• Records for the exercise:
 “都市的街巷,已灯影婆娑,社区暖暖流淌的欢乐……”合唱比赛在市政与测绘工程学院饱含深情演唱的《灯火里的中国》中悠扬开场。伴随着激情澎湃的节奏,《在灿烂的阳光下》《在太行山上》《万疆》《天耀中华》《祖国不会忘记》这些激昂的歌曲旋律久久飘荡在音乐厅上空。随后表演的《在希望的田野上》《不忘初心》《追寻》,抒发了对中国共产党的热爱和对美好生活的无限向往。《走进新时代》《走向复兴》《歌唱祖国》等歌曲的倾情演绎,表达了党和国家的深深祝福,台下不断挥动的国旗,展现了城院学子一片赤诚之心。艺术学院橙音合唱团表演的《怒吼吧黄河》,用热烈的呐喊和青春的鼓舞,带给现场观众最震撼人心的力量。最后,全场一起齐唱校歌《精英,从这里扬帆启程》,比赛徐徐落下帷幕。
---
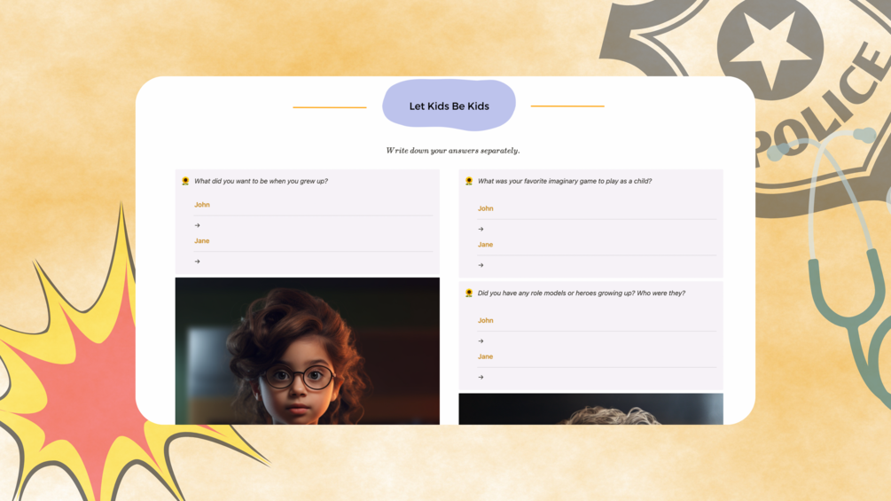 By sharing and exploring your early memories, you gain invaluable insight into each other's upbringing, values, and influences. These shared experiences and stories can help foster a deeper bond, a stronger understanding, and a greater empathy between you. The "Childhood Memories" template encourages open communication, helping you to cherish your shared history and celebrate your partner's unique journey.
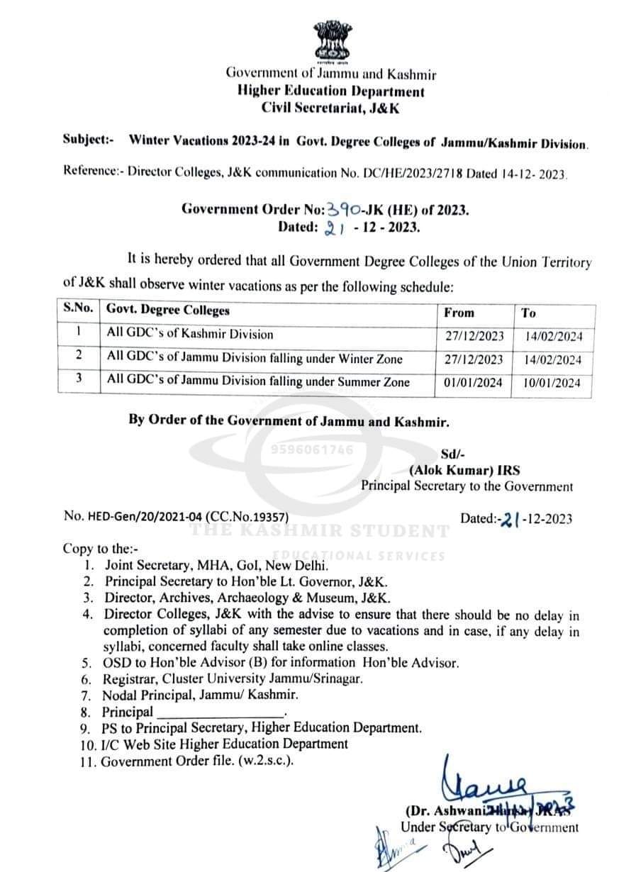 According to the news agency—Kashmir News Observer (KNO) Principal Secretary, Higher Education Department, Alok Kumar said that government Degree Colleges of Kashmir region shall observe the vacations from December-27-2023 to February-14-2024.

• Problem requirements:
Set down again, exactly, every line above from the one with "By sharing and" down to the one with "According to the", both ends included. No pictures, and nothing else.

• Result of the task:
 By sharing and exploring your early memories, you gain invaluable insight into each other's upbringing, values, and influences. These shared experiences and stories can help foster a deeper bond, a stronger understanding, and a greater empathy between you. The "Childhood Memories" template encourages open communication, helping you to cherish your shared history and celebrate your partner's unique journey.
 According to the news agency—Kashmir News Observer (KNO) Principal Secretary, Higher Education Department, Alok Kumar said that government Degree Colleges of Kashmir region shall observe the vacations from December-27-2023 to February-14-2024.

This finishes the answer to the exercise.